▶ [What this task involves] Retype the data that follows line by line, exactly, and leave its pictures out.

▶ [Data shown]
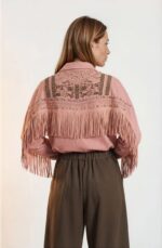 Dusty pink denim jacket featuring floral embroidery, metal studs and bold fringe detailing across the back and sleeves. structured cotton denim with a defined western influence.
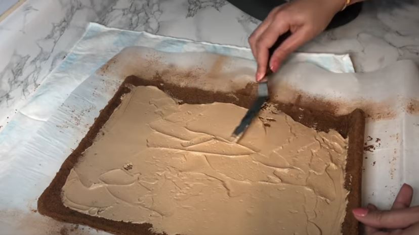 Ξετυλίγομαι το παντεσπάνι, αλείφουμε την κρέμα (μία στρώση)
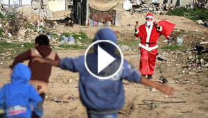 صور وفيديو بابا نويل في غزة يفاجئ الاطفال بين الانقاض

▶ [Response to this task]
 Dusty pink denim jacket featuring floral embroidery, metal studs and bold fringe detailing across the back and sleeves. structured cotton denim with a defined western influence.
 Ξετυλίγομαι το παντεσπάνι, αλείφουμε την κρέμα (μία στρώση)
 صور وفيديو بابا نويل في غزة يفاجئ الاطفال بين الانقاض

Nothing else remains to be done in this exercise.